A (silly) benchmark for testing how well LLMs can play the children's game Fizzbuzz. I got the idea while writing this blog post and figured it would be a fun exercise. By customizing the fizz and buzz numbers, we can also test whether LLMs generalize to play the game by the new rules, or just memorize what they've seen about FizzBuzz from training.
Does this say anything about the models? Clearly this isn't reflective of any real-world tasks or uses for LLMs. But whether LLMs are good at arithmetic and counting, long multi-turn conversations, and generalization are all active areas of research. This simple benchmark does test the model's ability at all 3!
The benchmark tests LLMs on their ability to play Fizzbuzz correctly. This is the system prompt:
You are playing FizzBuzz with the following rules:
- If a number is divisible by {fizz_num}, say 'fizz'
- If a number is divisible by {buzz_num}, say 'buzz'
- If a number is divisible by both {fizz_num} and {buzz_num}, say 'fizzbuzz'
- Otherwise, say the number itself
I will give you a number, and you must respond with the NEXT number (or word) in the sequence following these rules.

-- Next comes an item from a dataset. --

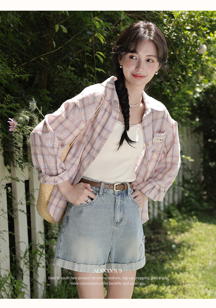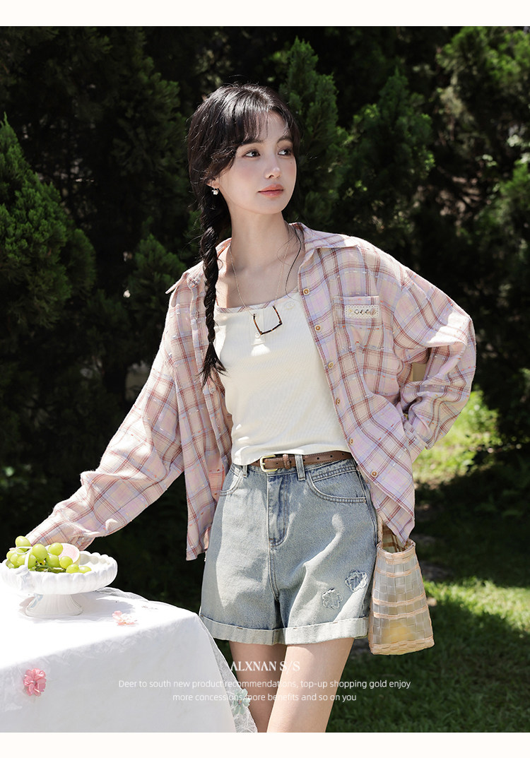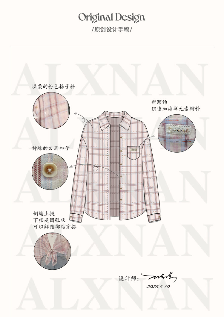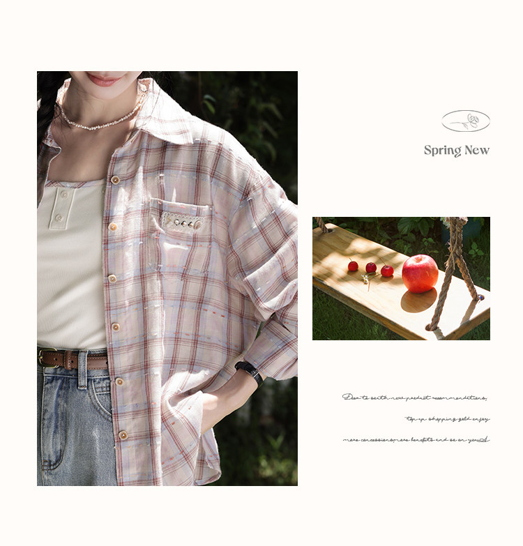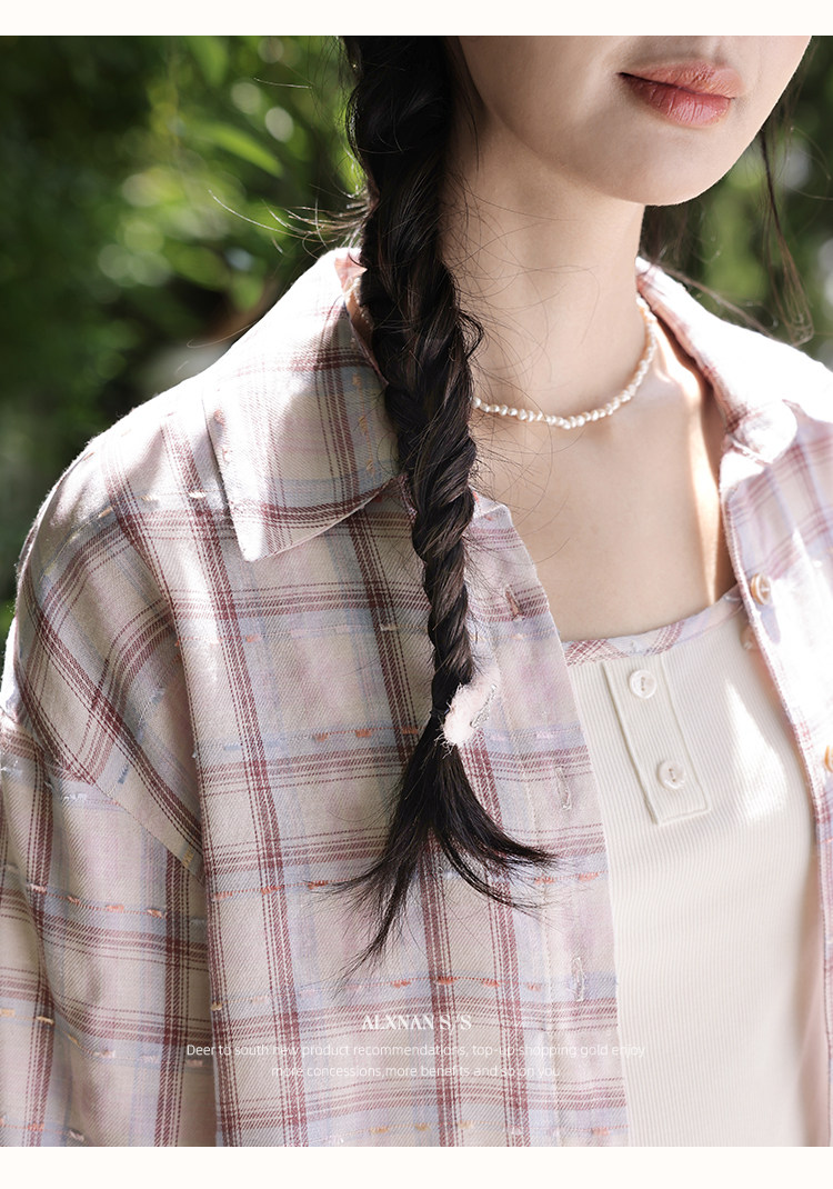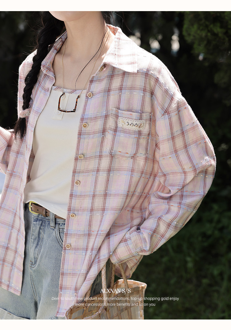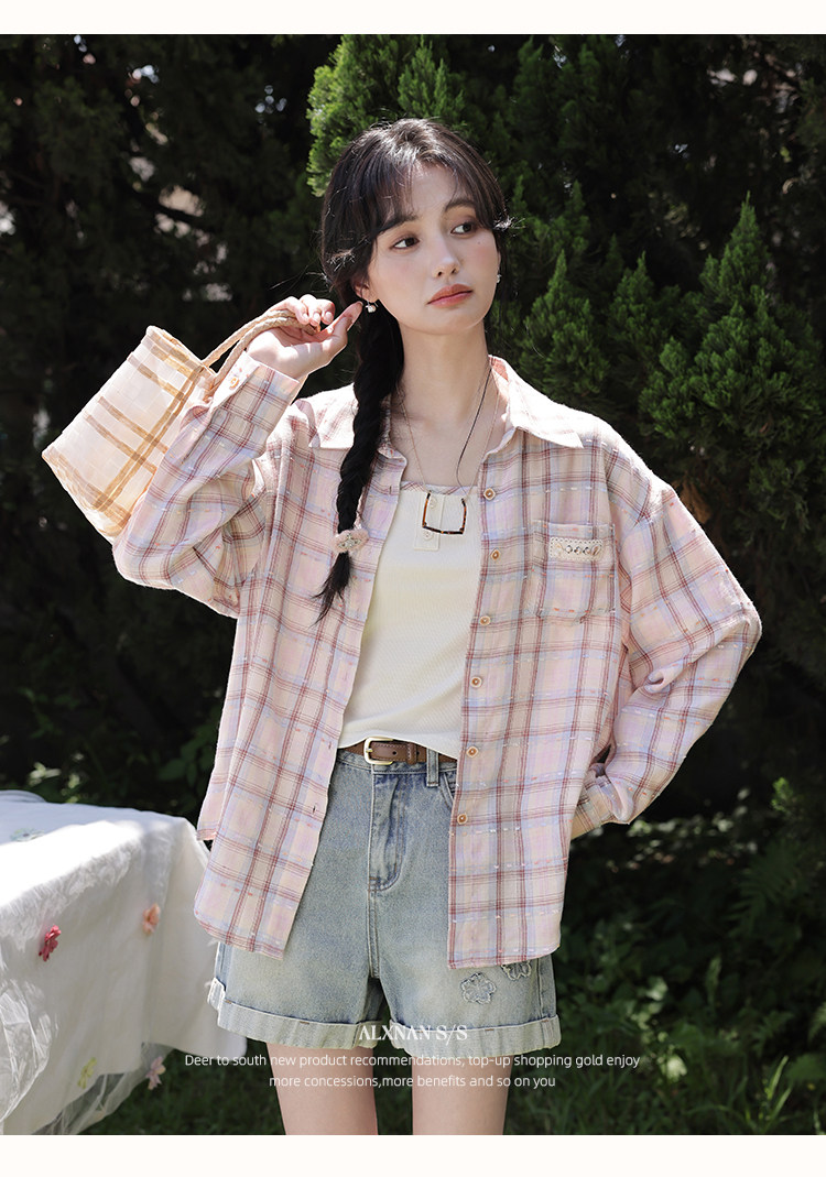 鹿向南「童话镇」粉色格子衬衫女春新款长袖防晒衬衣休闲外套上衣

Respond with ONLY the answer - just the number, 'fizz', 'buzz', or 'fizzbuzz'. No explanations, no additional text, no punctuation.

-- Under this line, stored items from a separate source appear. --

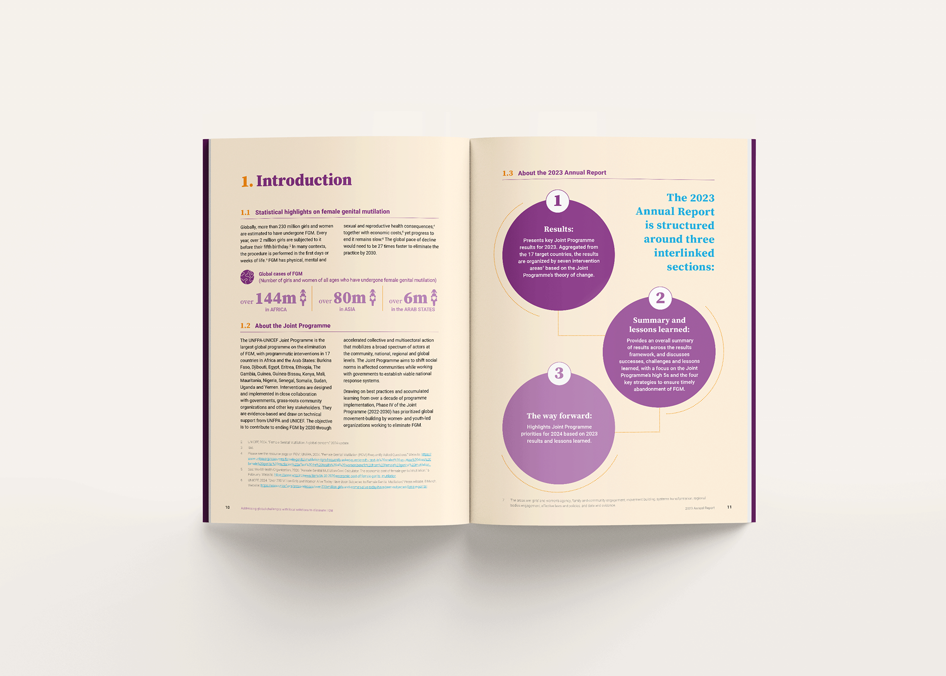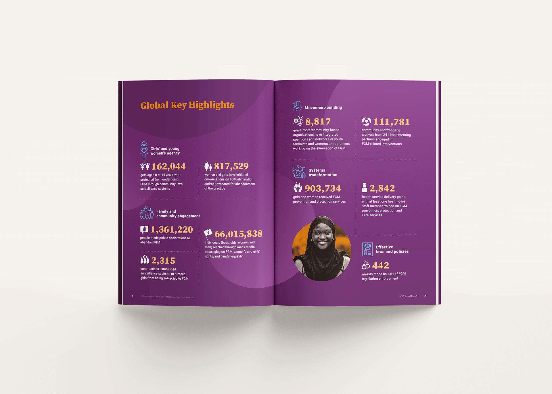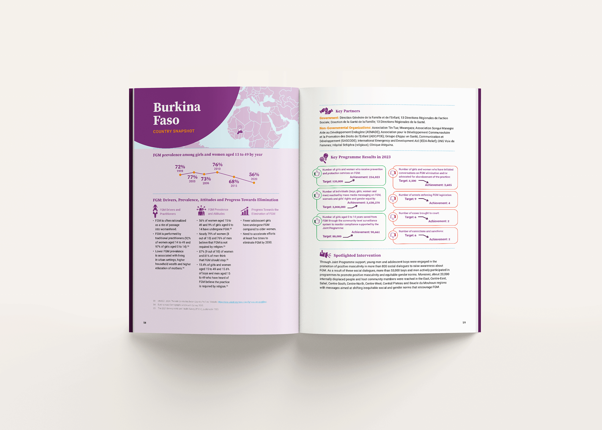 The report combines data, results, and personal stories to communicate progress toward ending FGM, requiring a careful balance between sensitivity and clarity. The design approach prioritised readability and narrative flow, using a structured layout, clear typographic hierarchy, and integrated data visualisation to guide readers through key achievements, challenges, and impact across regions.
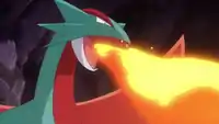 J tends to use Salamence for destructive purposes as well. In Pokémon Ranger and the Kidnapped Riolu! (Part 1), she commanded it to destroy a forest with its Flamethrower to smoke out the Riolu she wanted to capture.
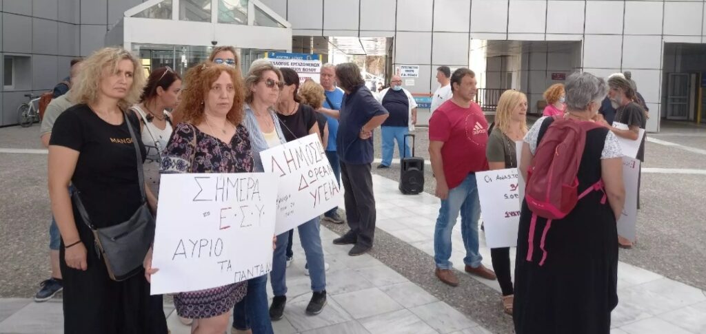 Συγκέντρωση διαμαρτυρίας πραγματοποίησαν σήμερα το πρωί οι ανεμβολίαστοι υγειονομικοί κατά της απόφασης για αναστολή της εργασίας τους από 1 Σεπτέμβρη. Στο πλευρό τους βρέθηκαν και γνωστές φιγούρες του “Κινήματος” των αντιεμβολιαστών της πόλης
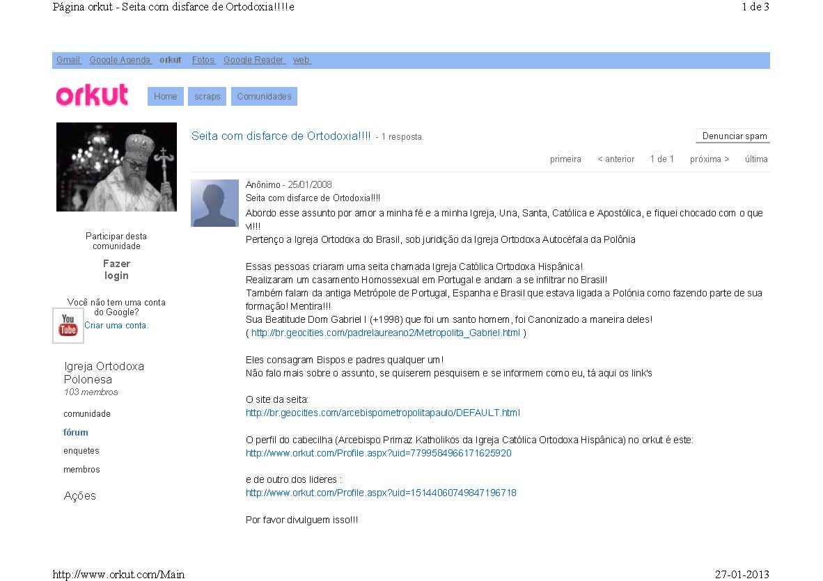 O perfil do cabecilha (Arcebispo Primaz Katholikos da Igreja Católica Ortodoxa Hispânica) no orkut é este:
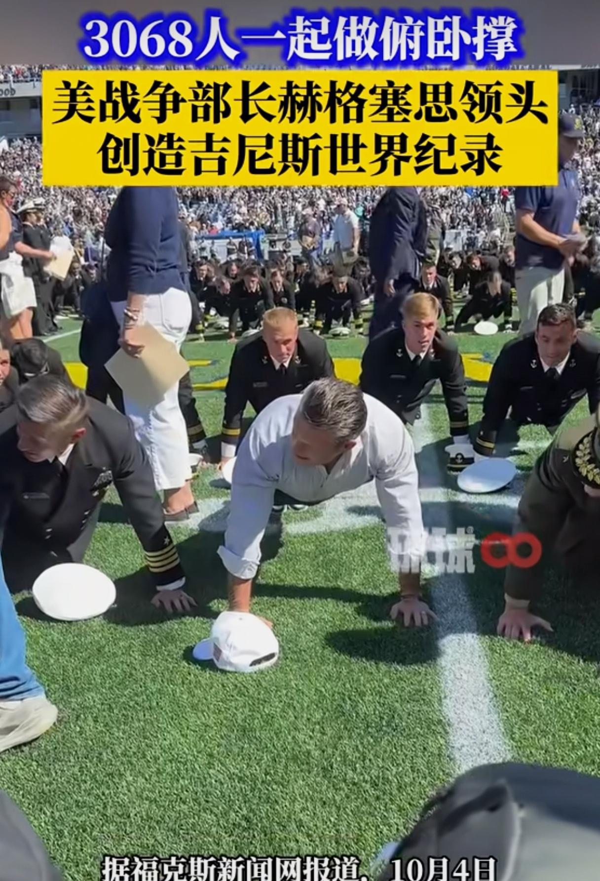 美战争部长赫格塞思领头创造一项俯卧撑吉尼斯世界纪录!据福克斯新闻报道10月4日,
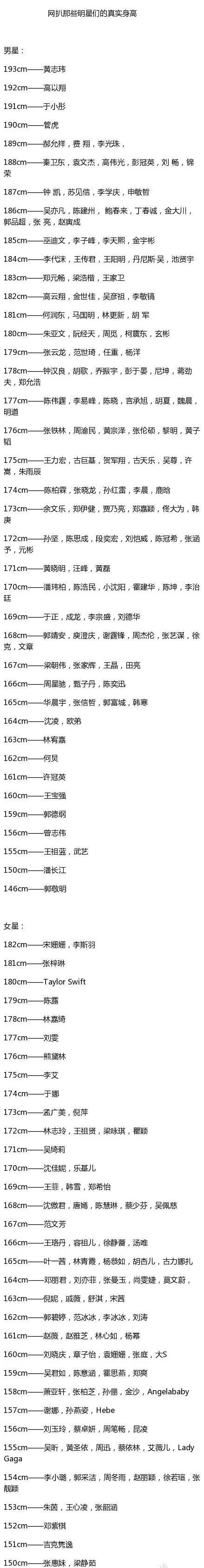 下面还有众多明星真实身高大家随便查阅↓

I wanted to test the generalization abilities of LLMs at this simple turn-based game, so the fizz and buzz numbers are customizable.
# Standard game
python fizzbuzz_benchmark.py
# Use 2 for fizz and 7 for buzz
python fizzbuzz_benchmark.py --fizz 2 --buzz 7
# Use 3 for fizz and 7 for buzz
python fizzbuzz_benchmark.py --buzz 7To test model generalization, I set buzz to 7 and left fizz as is. Initial results presented below are from API calls on December 13 2025. I used the official OpenAI and Anthropic API for their models, and used together.ai for the rest since I have some unused API credits left on that service. You can view the raw turn-based conversation for every model in the logs/ folder.
I used Claude Code to write the script and README.

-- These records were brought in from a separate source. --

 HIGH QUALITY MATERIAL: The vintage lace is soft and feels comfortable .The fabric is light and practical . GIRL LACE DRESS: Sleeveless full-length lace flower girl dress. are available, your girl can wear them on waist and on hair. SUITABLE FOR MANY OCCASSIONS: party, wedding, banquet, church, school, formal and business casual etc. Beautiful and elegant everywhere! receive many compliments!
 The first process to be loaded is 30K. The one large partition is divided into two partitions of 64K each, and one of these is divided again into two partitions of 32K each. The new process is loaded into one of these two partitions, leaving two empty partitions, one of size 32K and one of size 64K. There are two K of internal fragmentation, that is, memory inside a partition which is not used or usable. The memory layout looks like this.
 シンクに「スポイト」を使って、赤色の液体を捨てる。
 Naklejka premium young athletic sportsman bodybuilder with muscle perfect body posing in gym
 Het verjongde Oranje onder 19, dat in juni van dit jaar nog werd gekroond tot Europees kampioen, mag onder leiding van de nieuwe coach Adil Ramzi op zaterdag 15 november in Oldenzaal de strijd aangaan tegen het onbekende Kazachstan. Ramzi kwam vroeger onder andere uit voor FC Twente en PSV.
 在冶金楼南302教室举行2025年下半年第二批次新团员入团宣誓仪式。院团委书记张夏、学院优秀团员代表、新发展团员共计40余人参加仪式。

I report the number of turns until the model returned the wrong answer for its turn. I didn't check 100 turns because I don't want to spend too much money on this!
| Model | Standard FizzBuzz | Buzz=7 |
|---|---|---|
gpt-5.2 |
5 | 5 |
gpt-5.1 |
39 | 27 |
gpt-4.1-nano |
3 | 3 |
gpt-4.1-mini |
100 | 5 |
gpt-4.1 |
100 | 5 |
gpt-3.5-turbo |
63 | 5 |
I'm not sure why the latest GPT models fail so badly at the standard game of FizzBuzz?
| Model | Standard FizzBuzz | Buzz=7 |
|---|---|---|
claude-sonnet-4-5-20250929 |
100 | 41 |
claude-opus-4-5-20251101 |
100 | 100 |
claude-haiku-4-5-20251001 |
5 | 13 |
claude-sonnet-4-20250514 |
100 | 100 |
claude-3-7-sonnet-20250219 |
100 | 5 |
Spoiler: Claude Sonnet 4 (and Opus 4.5) are the best at the standard and modified version of FizzBuzz.
| Model | Standard FizzBuzz | Buzz=7 |
|---|---|---|
deepseek-ai/DeepSeek-V3-0324 |
43 | 9 |
deepseek-ai/DeepSeek-V3.1 |
100 | 5 |
google/gemma-3-27b-it |
5 | 5 |
meta-llama/Llama-3.3-70B-Instruct-Turbo |
3 | 3 |
meta-llama/Llama-4-Maverick-17B-128E-Instruct-FP8 |
5 | 41 |
moonshotai/Kimi-K2-Instruct-0905 |
100 | 3 |
Qwen/Qwen3-235B-A22B-Instruct-2507-tput |
25 | 11 |
Qwen/Qwen3-Next-80B-A3B-Instruct |
17 | 5 |
I'll add more models soon.
The latest Claude models are the best, but:
- I noticed a lot of sensitivity to the system prompt. During preliminary testing, GPT-5.2 managed to go all the way to 2000(!) on standard FizzBuzz. I slightly modified the prompt since that run and can't replicate it anymore.
- I set temperature to 0 and left all other settings as is. Perhaps that disadvantages the models, but I figured that for this benchmark, making the model as deterministic as possible was the best choice.
My biggest takeaway is that LLMs (besides Sonnet 4 and Opus 4.5) don't generalize to play the game of FizzBuzz with slightly different rules at all.